The Puzzle of How Neurons Are ConnectedSo, now we turn to understand the synapse and how signals are sent chemically between one neuron and another.
At the beginning of the 20th century, Santiago Ramón y Cajal proposed that there was some type of junction between two neurons. Neurons were distinct cells. However, what was the nature of that junction?

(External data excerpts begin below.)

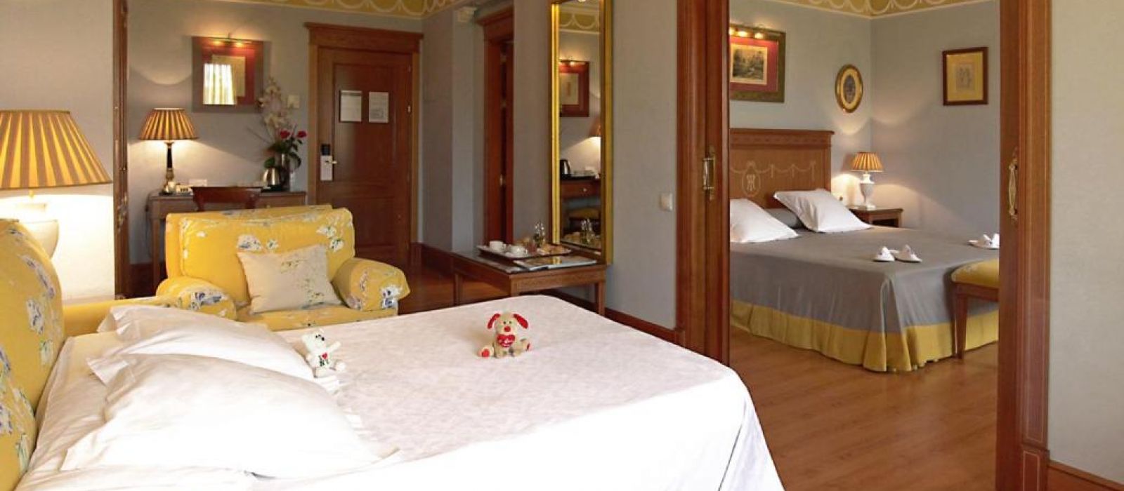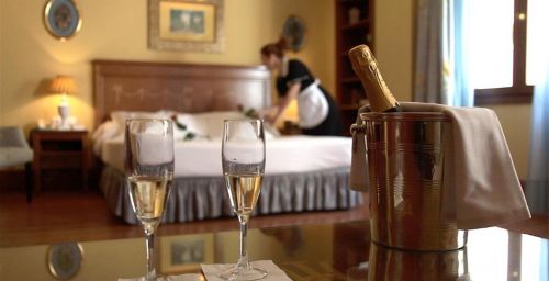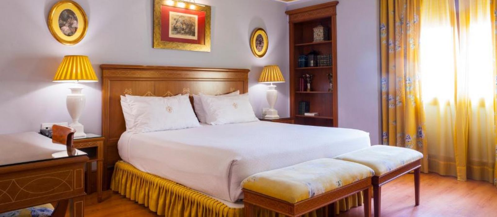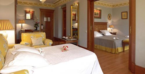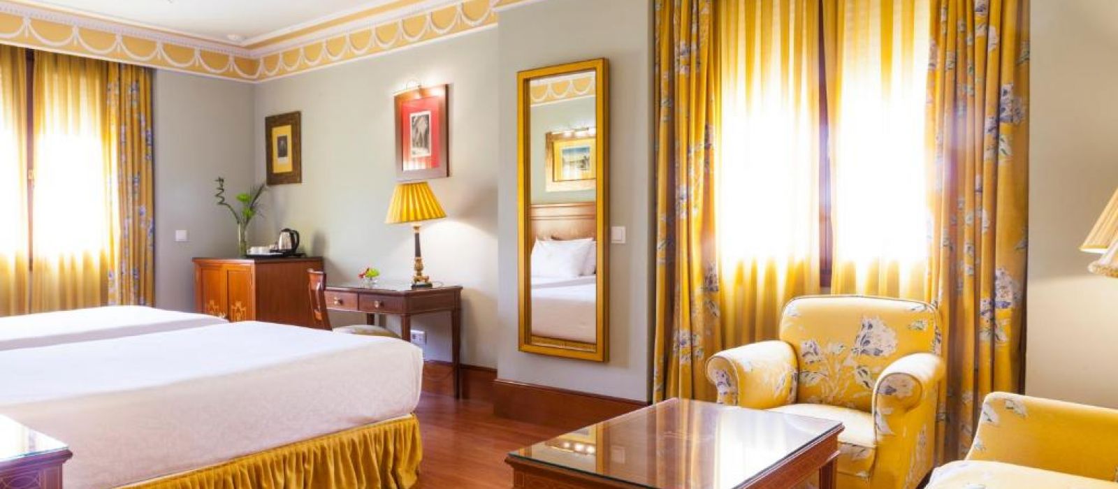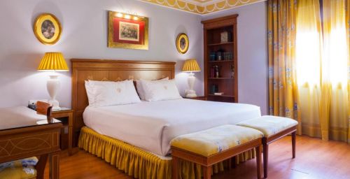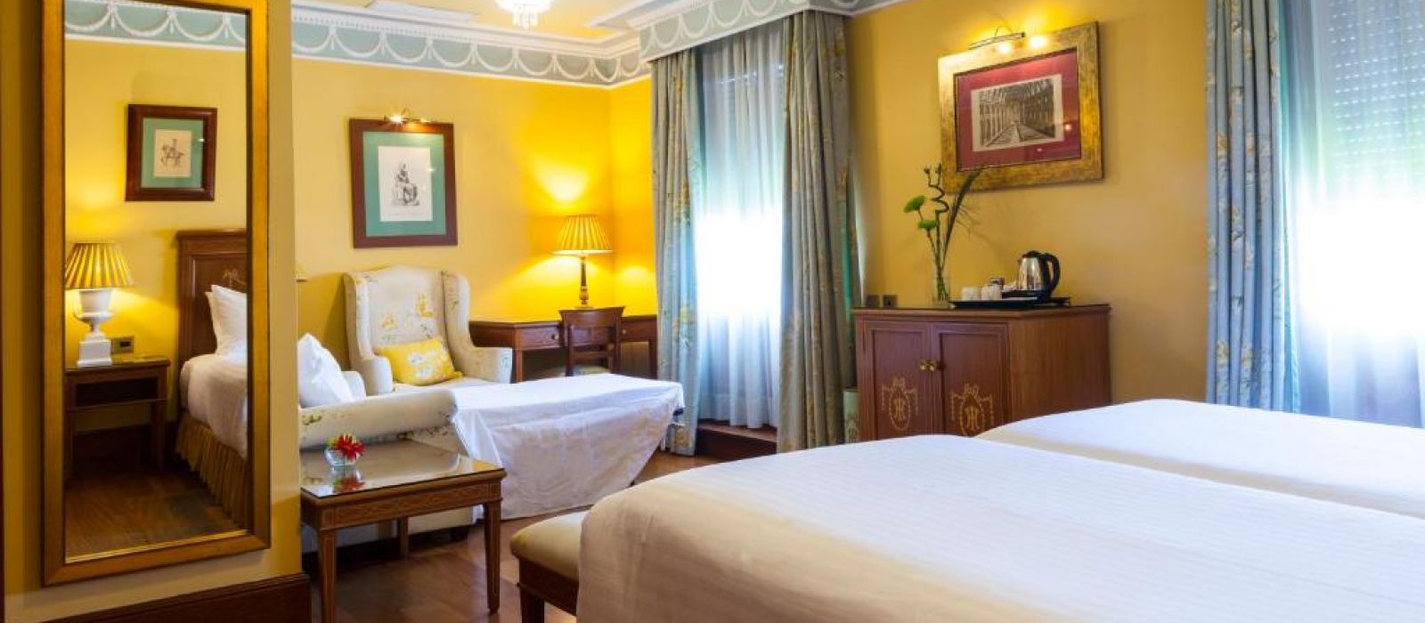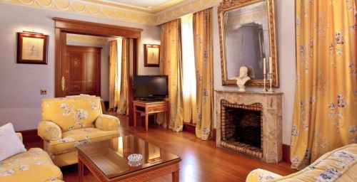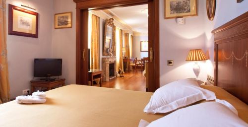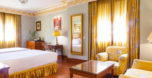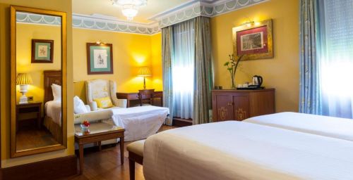 Les chambres spacieuses de l'Hotel Inglaterra sont revêtues de parquet et disposent d'un coffre-fort. Leur salle de bains en marbre est pourvue d'articles de toilette.
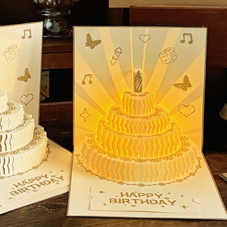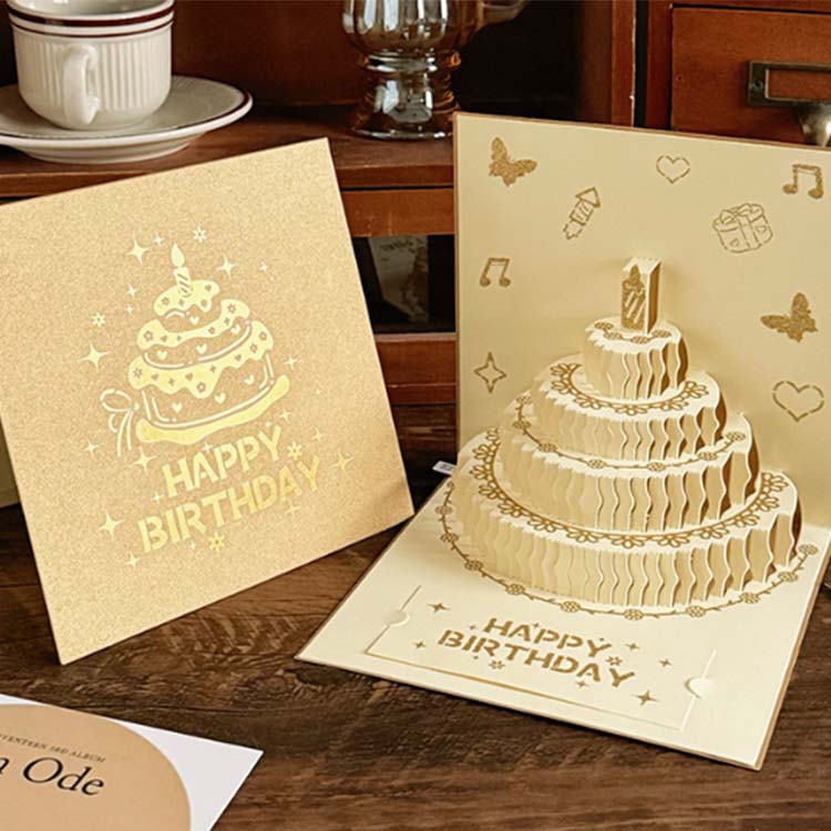 3 ডি জন্মদিনের কার্ডের কভারটি একটি রঙিন এম্বেসিং প্রক্রিয়া দিয়ে তৈরি করা হয়। এর অভ্যন্তরটিতে একটি 4-স্তর কেকের নকশা রয়েছে এবং অভিনন্দন বার্তার জন্য একটি ছোট গ্রিটিং কার্ড যুক্ত করা হয়েছে।
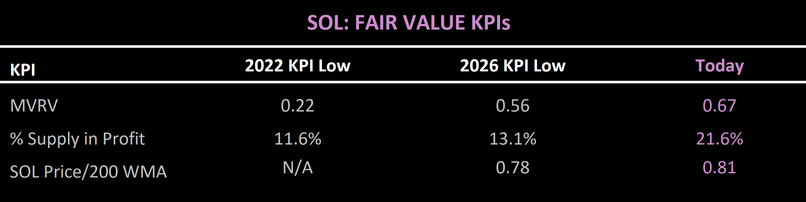 该图表也有助于可视化上一轮周期中投机达到最极端水平的时期:2024 年末至 2025 年初。自该时期以后,Solana 的社会关注度和链上活动一直处于下行趋势。短期内难以看到这一趋势逆转。

- Did one neuron actually touch the other neuron? This would have allowed its signal to be transmitted directly from one to the other, perhaps in the same way that two copper wires touching each other allow the flow of electricity to pass without any pause from one wire to the other.

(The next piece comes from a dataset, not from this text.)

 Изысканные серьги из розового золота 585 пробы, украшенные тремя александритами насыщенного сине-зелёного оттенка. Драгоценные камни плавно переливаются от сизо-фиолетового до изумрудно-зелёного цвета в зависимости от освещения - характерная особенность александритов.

- Or, were the neurons discontinuous, that is, spaced apart and not touching? If this were true, then the signal somehow needed to get across the gap between one neuron and the next. If that were true, how would it happen?
Charles Scott Sherrington was an English neurologist, neuroscientist, professor at Oxford University, and winner (along with Edgar D. Adrian) of the Nobel Prize for Physiology and Medicine in 1932 for the work reported here.

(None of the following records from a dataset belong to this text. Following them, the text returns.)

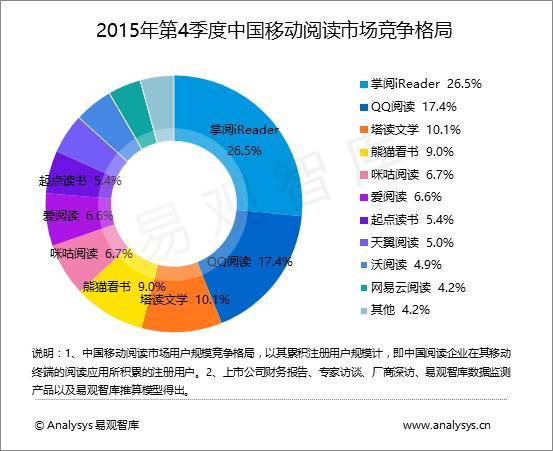 根据Analysys易观智库发布的《中国移动阅读市场季度监测报告2015年第4季度》数据显示,百度文学旗下熊猫看书占据中国移动阅读市场的9%,较1季度下降0.6%;而多酷及纵横中文网这被归为4.3%的其它类。
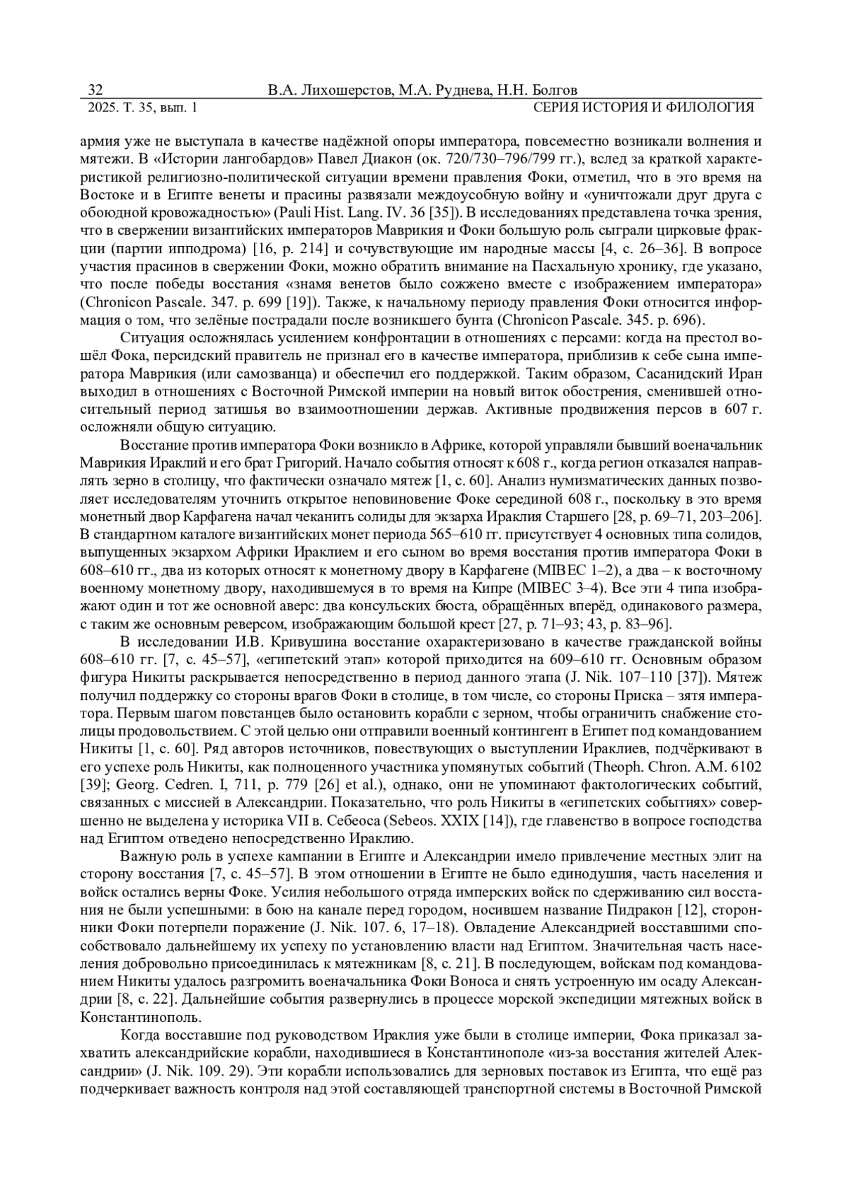 43. 	Woods D. Reading the consular solidi of the revolt of the Heraclii, 608-610 // Schweizerische numismatische Rundschau. 2016. № 95. P. 83-96.
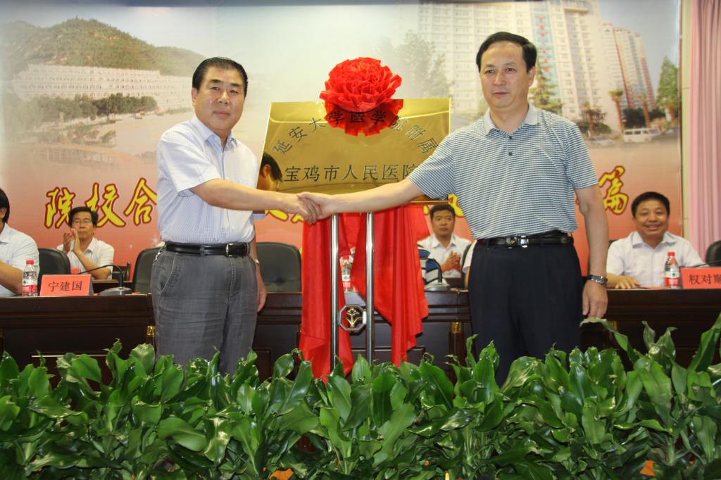 最后,韩继明院长和权对顺院长共同签署了欢迎光临必发集团与宝鸡市人民医院共建附属医院协议书;胡俊生副校长和宁建国局长共同为欢迎光临必发集团附属宝鸡市人民医院揭牌。
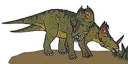 • Stygimoloch spinifer: Had a short skull dome with long horns jutting out from behind it. It is usually thought to be a subadult Pachycephalosaurus, but has been noted to be stratigraphically younger. Three attributed specimens recovered from the Ferris Formation, which is the taxon's southernmost occurrence, would make it distinct from the aforementioned genus.
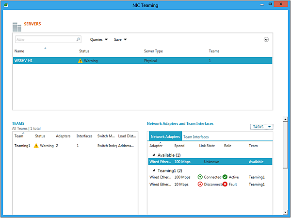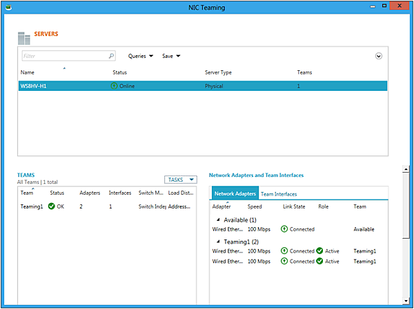 Network Adapters and Team InterfacesにもTeaming1が追加され、Teaming設定した各NICの状態が確認できるようになります。
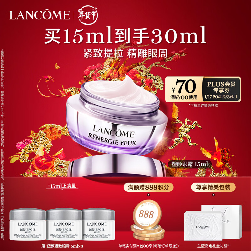 兰蔻塑颜眼霜15ml 紧致提拉眼周保湿 护肤品礼盒生日新年礼物送女友价格:690.00元!

Sir Charles Scott Sherrington (1857-1952) & the Discovery of the Synapse
Reflexes: automatic muscle responses to stimuli
Sensory neuron --> interneuron ("intrinsic") neuron --> motor neuron at level of the spinal cord = reflex arc
In experiments with dogs, Sherrington noted
From these observations, Sherrington concluded some of the most important qualities about synapses and transmission of messages within the nervous system.
- reflexes are slower than simple conduction along an axon would suggest.
- weak stimuli presented at different times or in different locations elicit a stronger response than a single strong stimulus does.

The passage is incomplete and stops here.